By Lindsey Turnbull
With Cayman’s tourism industry currently in limbo having received no hint from Government of a border opening timetable, the success of any kind of a reopening later in the year will crucially depend on whether there are enough people to work within the industry. As a result, The Ritz-Carlton, Grand Cayman, is attempting to gauge interest among the local populace with a strenuous recruitment drive.
General Manager Marc Langevin said for them, with the resort currently closed for refurbishment, it was “all about the target of opening in November”, so their focus was to look to hire as many Caymanians as possible in anticipation of a possible opening then. It was particularly important for the resort to employ locally given the severe restrictions the pandemic has created in bringing on board staff from overseas.

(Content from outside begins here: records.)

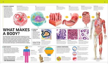 -Наповнений фактами, діаграмами, інфографікою та ілюстраціями, які охоплюють тіло людини з ніг до голови.
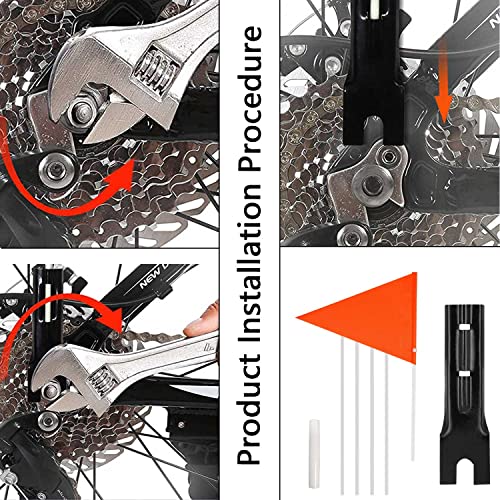 【Einfache Installation】:Die Fahrradfahne wird an der Hinterachse des Fahrrads montiert. Einfach die Radmutter lösen, den Wimpel einsetzen und die Radmutter festziehen. Die Montage ist schnell und einfach.
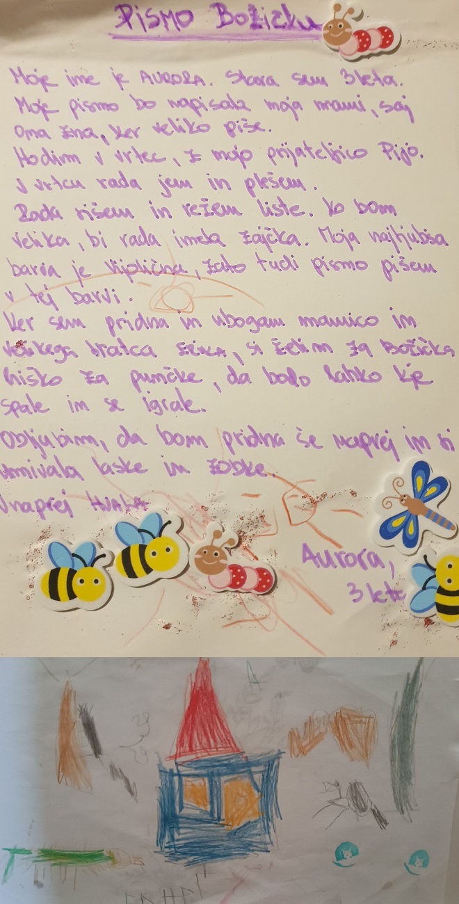 Moje ime je Aurora. Stara sem 3 leta. Moje pismo bo napisala moja mami, saj ona zna, ker veliko piše. Hodim v vrtec, v vrtcu rada jem in lepšem. Rada rišem in režem liste. Ko bom velika, bi rada imela zajčka. Moja najljubša barva je vijolična, zato tudi pismo pišem v tej barvi. Ker sem pridna in ubogam mamico in velikega bratca Erika, si želim za Božička hiško za punčke, da bodo lahko kje spale in se igrale. Obljubim, da bom pridna še naprej in si umivala laske in zobke.
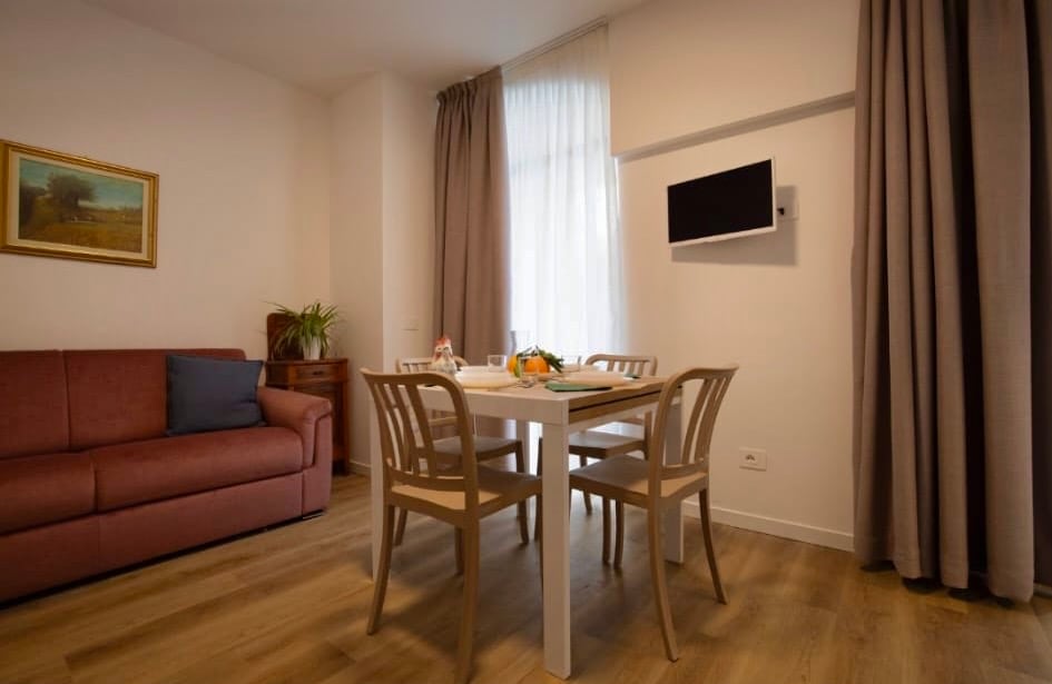 Alma Bergamo 是一個位於市中心的兩居室公寓,步行 5 分鐘即可抵達火車站和巴士站,前往附近的景點和城市也很方便。 它位於一棟安靜且精心翻新的公寓的三樓(有電梯),並有地下車庫。 它由廚房和客廳組成,根據要求,我們會準備帶有記憶床墊(140*190厘米)的沙發床、雙人臥室和帶淋浴間的浴室。房間和客廳均配有大金空調。
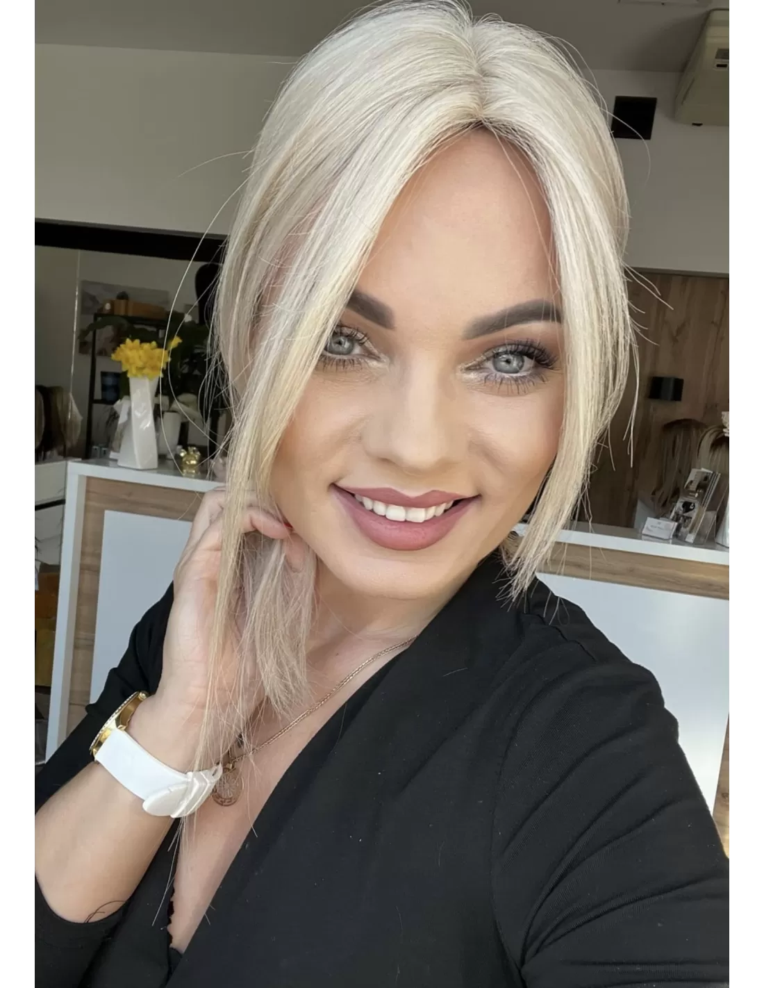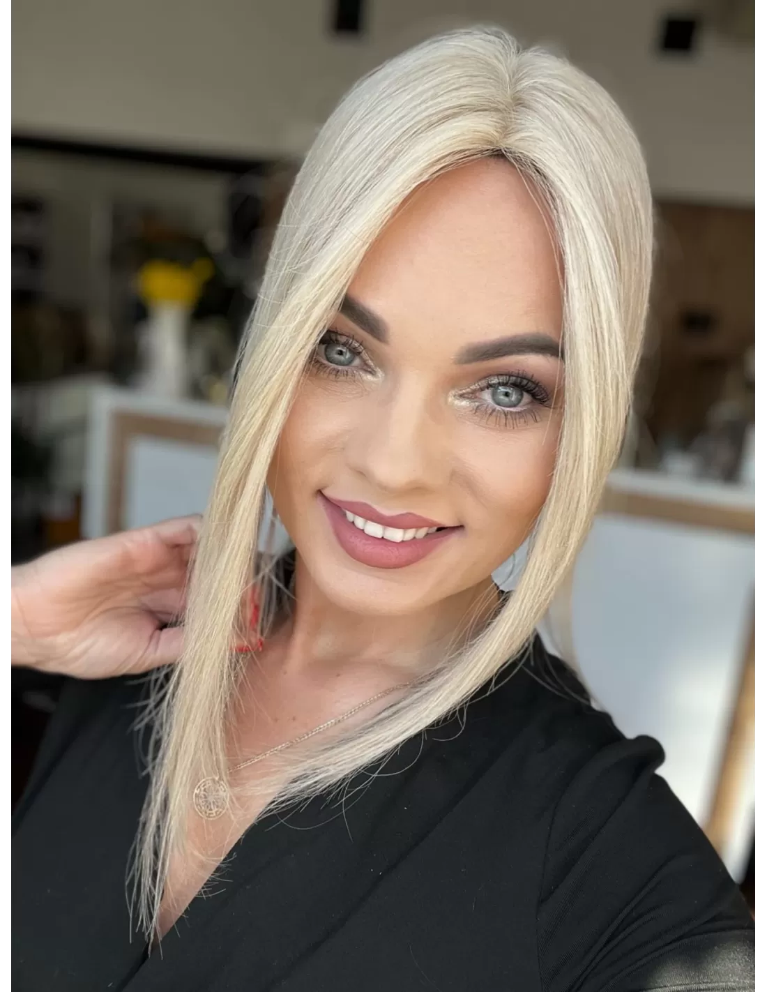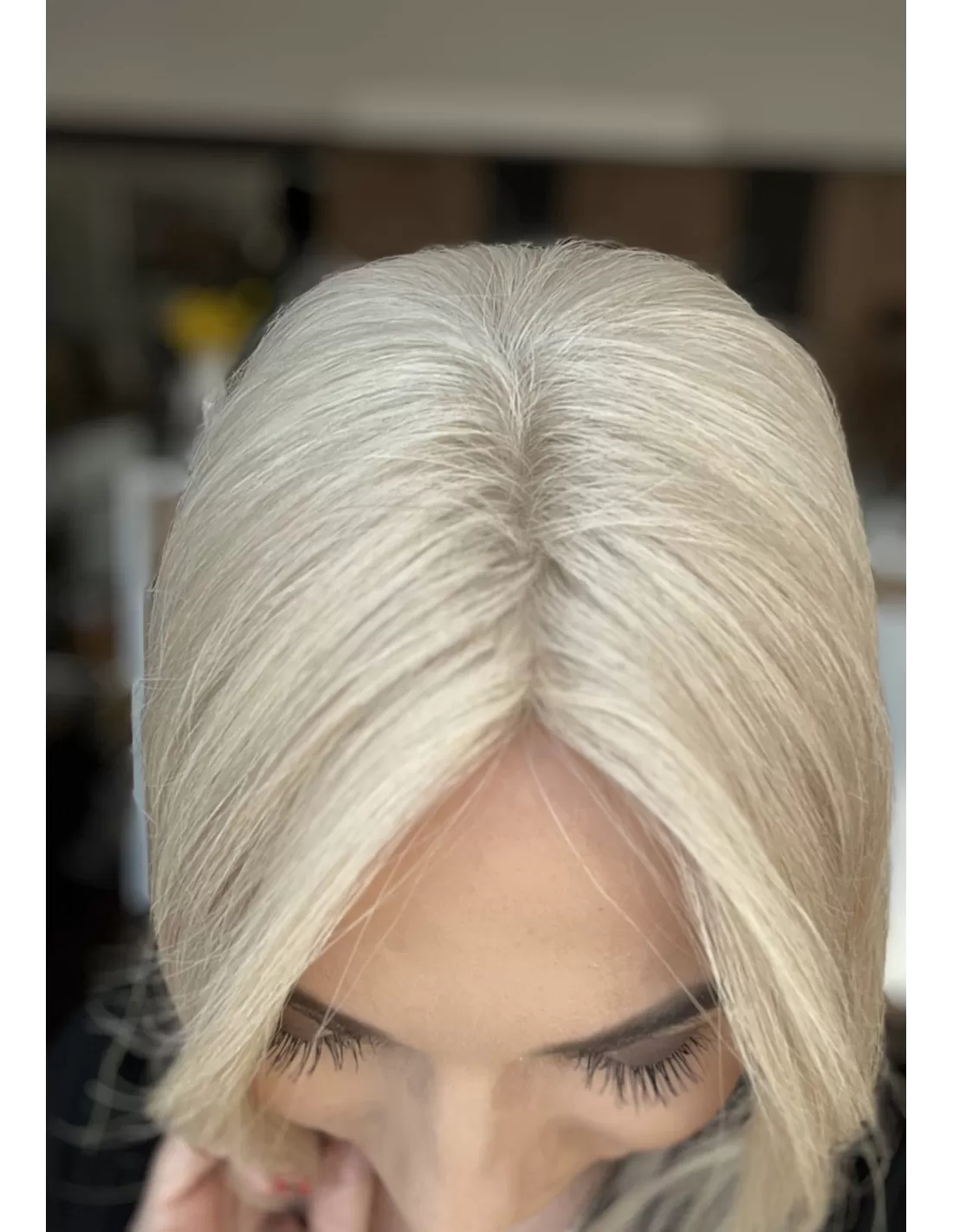 Przedstawiamy mini topper, idealne rozwiązanie dla osób pragnących subtelnie zagęścić przedziałek. Wykonany z naturalnych włosów w odcieniu platynowego blondu.

“Assuming a full reopening in November, there will be a need of about 450 employees,” he confirmed. “It is very clear that we will not be finding so many people on the island with the qualification [necessary], so what we are trying to do early on is to try and find out how many Caymanians are interested, and from that point we will go backwards.”
Taking into consideration the global shortage of hospitality workers whose livelihoods came to an abrupt end with the pandemic lockdowns, in their respective countries, Mr Langevin said it was already too late to recruit overseas for a November opening, when taking into consideration the length of time needed to get work permit applications and travel arrangements in place.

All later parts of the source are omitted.